Unplanned Admissions Impact Savings from Rapid Recovery Protocols

    This single-center study highlights why joint replacement patients might visit the emergency department or be readmitted after discharge, as well as suggests strategies for reducing these unplanned admissions.

    Under bundled payment reimbursement model, total joint arthroplasty (TJA) patients’ unplanned hospital visits – either through emergency department (ED) visits or readmissions – will reduce cost savings from rapid recovery protocols, according to a recent study examining this topic.

    The Comprehensive Care for Joint Replacement model, which about 800 hospitals participate in, requires hospitals, physicians, and post-acute care facilities to coordinate the management of Medicare patients for the duration of their recovery and assume financial responsibility for any complication related to the index procedure.

    With bundled payment models in mind, researchers at Anne Arundel Medical Center in Annapolis, Maryland, conducted a study of the incidence, risk factors and cost associated with unplanned visits.

    “In this era of shorter LOS [length of stay] and bundled reimbursement models for TJAs, identifying and mitigating preventable causes for unplanned ED visits and readmissions will be critical to improving care and controlling costs,” they explained.

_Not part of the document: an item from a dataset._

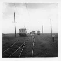 SNAPSHOT: Texas Electric Railway Passenger Motors northbound at Niles Siding; view looking south. Here, four Passenger Motors have converged. Three of the cars are northbound; cars 314 and 316 are on the left or east track while 328 is on the west track. A fourth car, unidentified, is southbound on the main (middle) track. Several CERA Railfan members can be seen taking photographs of the four cars from various locations. Niles Siding was j...

    Their retrospective study evaluated data from 655 consecutive TJAs (382 total knee and 273 total hip arthroplasties) performed by 2 high-volume surgeons over a 1-year period.  All surgeries were performed using an early discharge protocol.

    They found that 55 patients returned to the hospital within 30 days of surgery: 35 patients (5.3%) for ED visits without readmission (36 visits total) and 20 patients (3.1%) for readmission (22 readmissions total).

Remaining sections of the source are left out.